ABSTRACT

Nowadays, a lot of studies are trying to measure happiness. There are many indexes that measure progress. We have chosen two of them: Happy Planet Index (HPI) and World Happiness Report (WHR). The first of them, an index from New Economics Foundation, is a measure of sustainable well-being in terms of how countries support their citizens to live good lives now and in the future. It uses global data on experienced well-being, life expectancy, and Ecological Footprint from 151 countries. On the other hand, the WHR, an index from the United Nations and Columbia University for 156 countries, uses six factors to explain this: Gross Domestic Product (GDP) per capita, years of healthy life expectancy, social support, perceptions of corruption, generosity, and freedom to make life choices. Both indexes have used different methodology to measure happiness so some countries present different levels of happiness depending on the index that is used. The first objective of this chapter is to propose a new index, using factor analysis to classify 145 common countries between HPI and WHR and to simplify the ranking in four parts. We found that there are areas like South America that could be considered “happy,” independently of the index (HPI, WHR, new index) and vice versa. Therefore, because there is not a unified measure of happiness at the moment we try to reach an agreement between both of them with this new index.

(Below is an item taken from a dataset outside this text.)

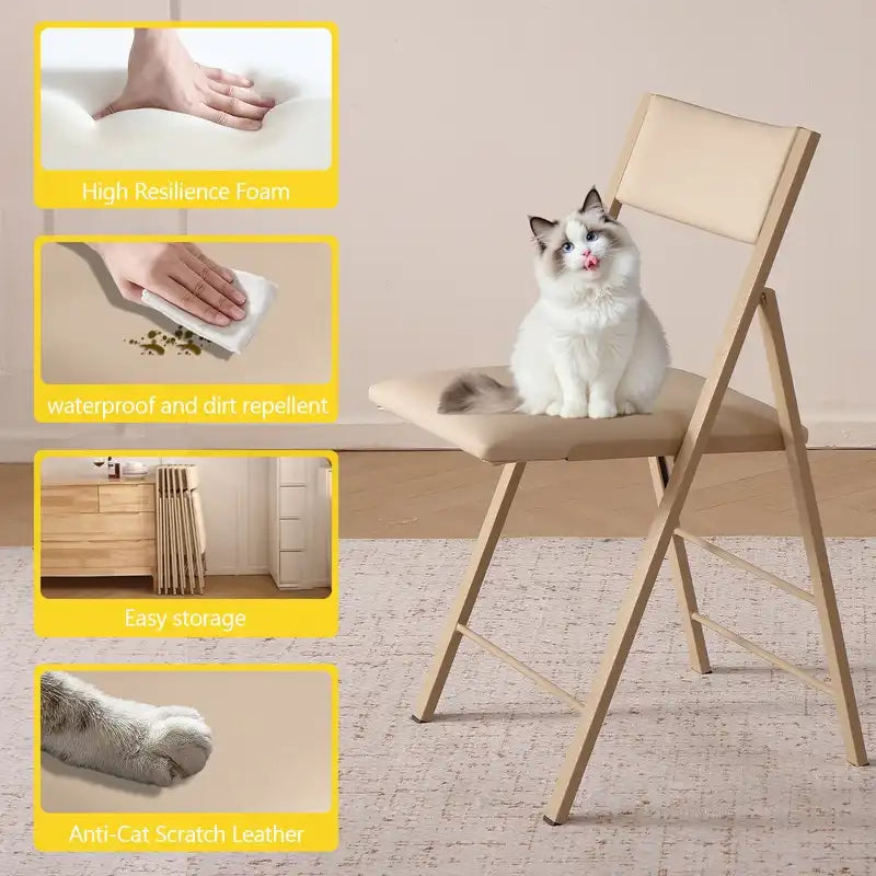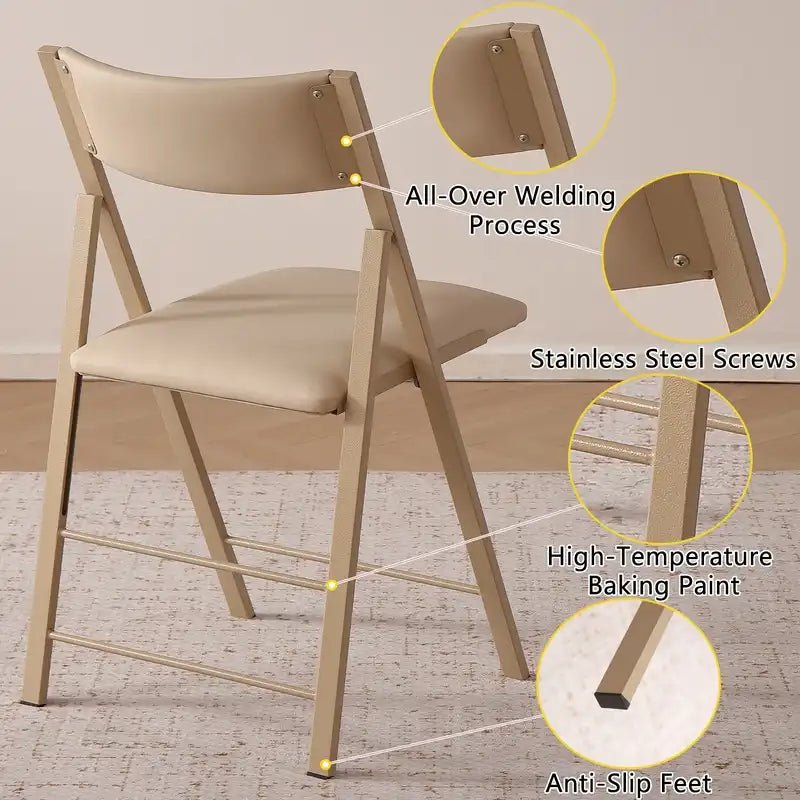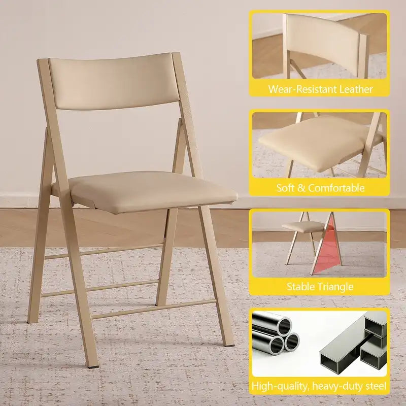 Folding Chairs with Cushion 2 Pack - Heavy Duty Steel Frame Foldable Dining Chairs, Waterproof Leather Indoor Outdoor Padded Chairs for Home, Conference Rooms,Weddings, Events (White)

Without a doubt, worrying about happiness, at an international level, has caused many countries to fight for a privileged place in the rankings published periodically. Big corporations and global brands are also aware of this situations, where, very often, an association is made between brand’s names and attributes like subjective well-being or happiness; a struggle exist in the consumer’s mind because brands want to be perceived as vectors to reach the subjective and/or collective well-being. Thus, the second objective of this chapter is to confirm that there exist an association between the level of happiness of a country, according to the new index proposed, and the valuation that consumers make of brands’ contribution to their level of well-being, taking the last Havas’s group study Meaningful brands. This work also delves in the relation between the optimism percentage about the future situation and the valuation that citizens do of brands contribution in their well-being level.